▶ [WHAT YOU NEED TO DO]: Each line of data below is to be returned exactly, leaving out any picture.

▶ [DATA SECTION]:
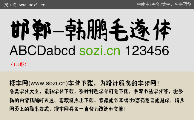 搜字網(wǎng)所有字體源于網(wǎng)絡分享,免費供大家學習交流。除有廠商申明可免費商用以外,都僅限個人非商業(yè)使用。未獲字體開發(fā)方商用授權的,嚴禁擅自商用,因此造成的侵權責任須自行承擔。本站不承擔任何版權責任和糾紛,本站出于愛好而建,善意免費為各類字體開發(fā)者宣傳推廣,您認為有任何不妥之處,請與我們聯(lián)系,將會第一時間給您答復!
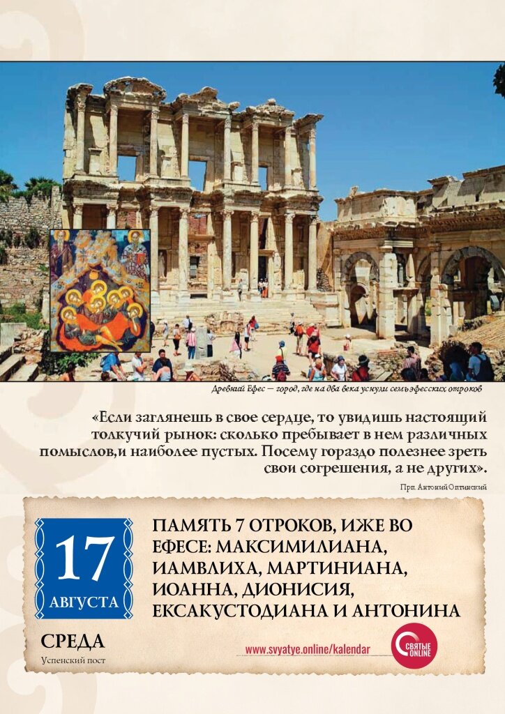 Семь отроков, Максимилиан, Иамвлих, Мартиниан, Иоанн, Дионисий, Ексакустодиан (Константин) и Антонин, жили в III веке. Максимилиан был сыном ефесского градоначальника, шестеро других – также отпрысками знатных горожан. Юноши дружили, все они состояли на военной службе. Когда император Декий (249–251) прибыл в Ефес, то повелел жителям явиться для принесения жертвы языческим богам; непокорных ожидали мучения и смертная казнь. По доносу семь ефесских отроков были призваны к ответу и открыто исповедали веру во Христа, за что с них сняли военные пояса. Однако Декий отпустил юношей, дав время отречься от своей веры, до возвращения его из похода. Молодые люди скрылись в пещере горы Охлон, где молились, готовясь к мученичеству. Вернувшись из похода и узнав, где скрываются отроки, Декий велел завалить вход в пещеру камнями, чтобы юноши умерли от голода и жажды. Двое очевидцев – тайных христиан – спрятали среди камней ковчежец с двумя оловянными дощечками, где записали имена юношей и описали обс
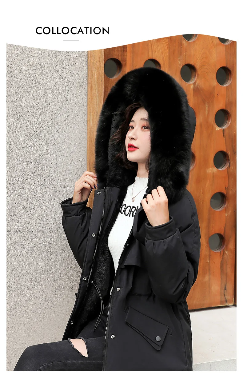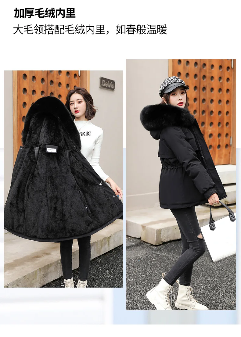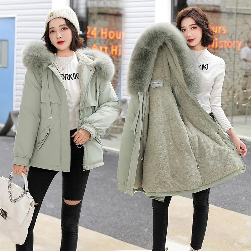 Новинка 2021, женская утепленная парка с флисовой подкладкой и капюшоном, женская верхняя одежда с большим меховым воротником, осенне-зимняя куртка, Женское пальто, парки

▶ [ANSWER BOX]:
 搜字網(wǎng)所有字體源于網(wǎng)絡分享,免費供大家學習交流。除有廠商申明可免費商用以外,都僅限個人非商業(yè)使用。未獲字體開發(fā)方商用授權的,嚴禁擅自商用,因此造成的侵權責任須自行承擔。本站不承擔任何版權責任和糾紛,本站出于愛好而建,善意免費為各類字體開發(fā)者宣傳推廣,您認為有任何不妥之處,請與我們聯(lián)系,將會第一時間給您答復!
 Семь отроков, Максимилиан, Иамвлих, Мартиниан, Иоанн, Дионисий, Ексакустодиан (Константин) и Антонин, жили в III веке. Максимилиан был сыном ефесского градоначальника, шестеро других – также отпрысками знатных горожан. Юноши дружили, все они состояли на военной службе. Когда император Декий (249–251) прибыл в Ефес, то повелел жителям явиться для принесения жертвы языческим богам; непокорных ожидали мучения и смертная казнь. По доносу семь ефесских отроков были призваны к ответу и открыто исповедали веру во Христа, за что с них сняли военные пояса. Однако Декий отпустил юношей, дав время отречься от своей веры, до возвращения его из похода. Молодые люди скрылись в пещере горы Охлон, где молились, готовясь к мученичеству. Вернувшись из похода и узнав, где скрываются отроки, Декий велел завалить вход в пещеру камнями, чтобы юноши умерли от голода и жажды. Двое очевидцев – тайных христиан – спрятали среди камней ковчежец с двумя оловянными дощечками, где записали имена юношей и описали обс
 Новинка 2021, женская утепленная парка с флисовой подкладкой и капюшоном, женская верхняя одежда с большим меховым воротником, осенне-зимняя куртка, Женское пальто, парки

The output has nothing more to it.